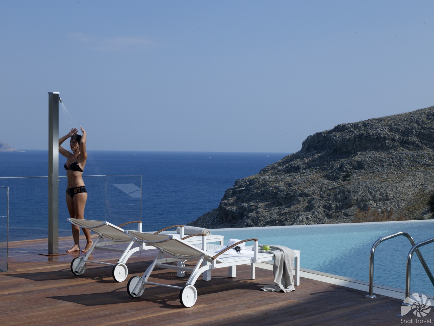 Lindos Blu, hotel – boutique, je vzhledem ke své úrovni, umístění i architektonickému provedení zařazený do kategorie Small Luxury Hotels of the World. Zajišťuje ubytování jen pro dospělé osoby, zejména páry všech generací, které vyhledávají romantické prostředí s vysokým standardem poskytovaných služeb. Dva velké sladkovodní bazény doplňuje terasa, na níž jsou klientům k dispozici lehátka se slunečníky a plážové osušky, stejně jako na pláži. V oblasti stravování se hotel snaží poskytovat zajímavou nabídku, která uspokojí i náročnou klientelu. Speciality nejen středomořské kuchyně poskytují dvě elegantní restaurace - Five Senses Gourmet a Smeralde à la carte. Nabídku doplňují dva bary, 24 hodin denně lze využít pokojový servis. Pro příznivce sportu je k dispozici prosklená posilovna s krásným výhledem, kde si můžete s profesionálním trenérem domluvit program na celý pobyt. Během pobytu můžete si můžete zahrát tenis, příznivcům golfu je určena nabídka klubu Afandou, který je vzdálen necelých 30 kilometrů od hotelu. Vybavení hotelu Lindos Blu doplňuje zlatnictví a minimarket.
= = = =
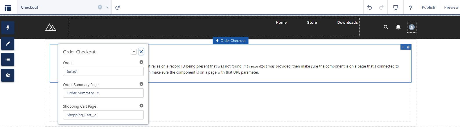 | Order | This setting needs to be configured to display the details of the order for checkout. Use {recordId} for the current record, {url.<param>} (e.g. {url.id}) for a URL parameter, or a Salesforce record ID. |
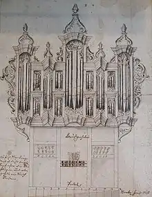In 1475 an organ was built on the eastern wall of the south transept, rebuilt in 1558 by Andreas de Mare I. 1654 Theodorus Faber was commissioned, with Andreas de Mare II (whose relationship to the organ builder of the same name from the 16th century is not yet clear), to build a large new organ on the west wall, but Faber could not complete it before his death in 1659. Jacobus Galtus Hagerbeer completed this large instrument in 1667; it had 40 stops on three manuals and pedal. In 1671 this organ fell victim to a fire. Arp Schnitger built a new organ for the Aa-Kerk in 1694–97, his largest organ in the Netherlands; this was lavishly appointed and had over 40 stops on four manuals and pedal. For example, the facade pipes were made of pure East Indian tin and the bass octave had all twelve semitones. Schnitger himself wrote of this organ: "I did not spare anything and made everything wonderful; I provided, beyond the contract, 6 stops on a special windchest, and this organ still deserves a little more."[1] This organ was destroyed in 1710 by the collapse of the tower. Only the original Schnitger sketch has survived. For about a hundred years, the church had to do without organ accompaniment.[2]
= = = =
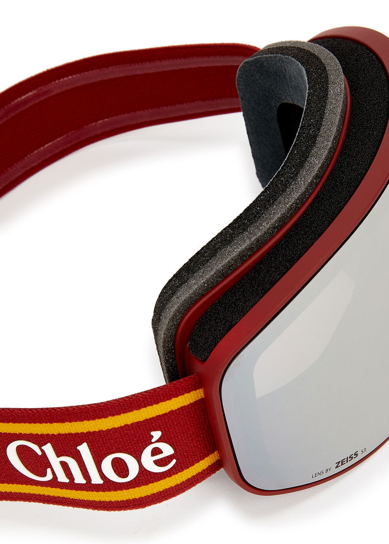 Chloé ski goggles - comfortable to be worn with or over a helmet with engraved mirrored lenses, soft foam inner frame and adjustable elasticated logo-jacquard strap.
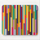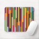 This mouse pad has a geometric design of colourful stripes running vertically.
= = = =
Aim of the task: Make an exact copy of the lines above, beginning with the line with "record ID. |" and ending with the line with "In 1475 an organ", and keep the pictures out of it.

Task result:
 | Order | This setting needs to be configured to display the details of the order for checkout. Use {recordId} for the current record, {url.<param>} (e.g. {url.id}) for a URL parameter, or a Salesforce record ID. |
In 1475 an organ was built on the eastern wall of the south transept, rebuilt in 1558 by Andreas de Mare I. 1654 Theodorus Faber was commissioned, with Andreas de Mare II (whose relationship to the organ builder of the same name from the 16th century is not yet clear), to build a large new organ on the west wall, but Faber could not complete it before his death in 1659. Jacobus Galtus Hagerbeer completed this large instrument in 1667; it had 40 stops on three manuals and pedal. In 1671 this organ fell victim to a fire. Arp Schnitger built a new organ for the Aa-Kerk in 1694–97, his largest organ in the Netherlands; this was lavishly appointed and had over 40 stops on four manuals and pedal. For example, the facade pipes were made of pure East Indian tin and the bass octave had all twelve semitones. Schnitger himself wrote of this organ: "I did not spare anything and made everything wonderful; I provided, beyond the contract, 6 stops on a special windchest, and this organ still deserves a little more."[1] This organ was destroyed in 1710 by the collapse of the tower. Only the original Schnitger sketch has survived. For about a hundred years, the church had to do without organ accompaniment.[2]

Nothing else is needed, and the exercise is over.